1. Download this file into your computer (`File` $\to$ `Download .ipynb`)

2. Name the file in the following way *HWx_NameSurname* (for example `HW3_NshanPotikyan.ipynb`)

4. Send the file to this email address `nshan.potikyan@gmail.com` with subject **ML3**

**Note**

* if you do not follow any of the above conditions, your homework will not be graded.

* you do not need to send any dataset files or helper scripts that I provide with your homework (since I already have them).

* you need to write the code for the exercises yourself; you can use ``built-in functions``, ``numpy``, ``pandas``, ``sklearn``
and ``matplotlib``.

**Problem.** During the practice session we tried to build a binary classifier on the adult dataset which is highly imbalanced.

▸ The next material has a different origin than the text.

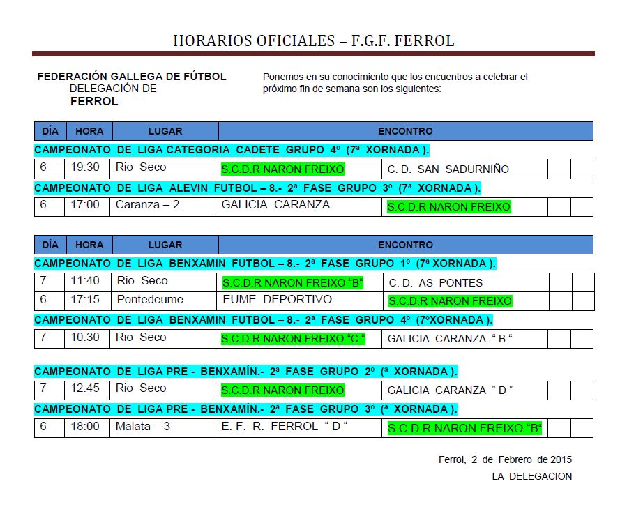 HORARIOS DO 6 E 7 DE FEBREIRO DE FUTBOL 8 E FUTBOL 11 Noticias Fútbol 8 Aqui tedes o calendarios dos encontros dos nosos equipos de Futbol 8 e Futbol 11 desta fin de semana.

* In this homework, you need to take the same dataset but this time you need to

 * use more features from the original data
 * try different sampling techniques from [imblearn](https://imbalanced-learn.org/stable/references/index.html) to tackle the class imbalance problem
 * experiment with different ensemble methods (the ones that we have discussed so far) to beat the score we got during the practice session
 * split the training dataset into train/val/test parts, so that you can evaluate which approach/algorithm results in better performance (use random_state=0, train=70%, val=10%, test=20% splits).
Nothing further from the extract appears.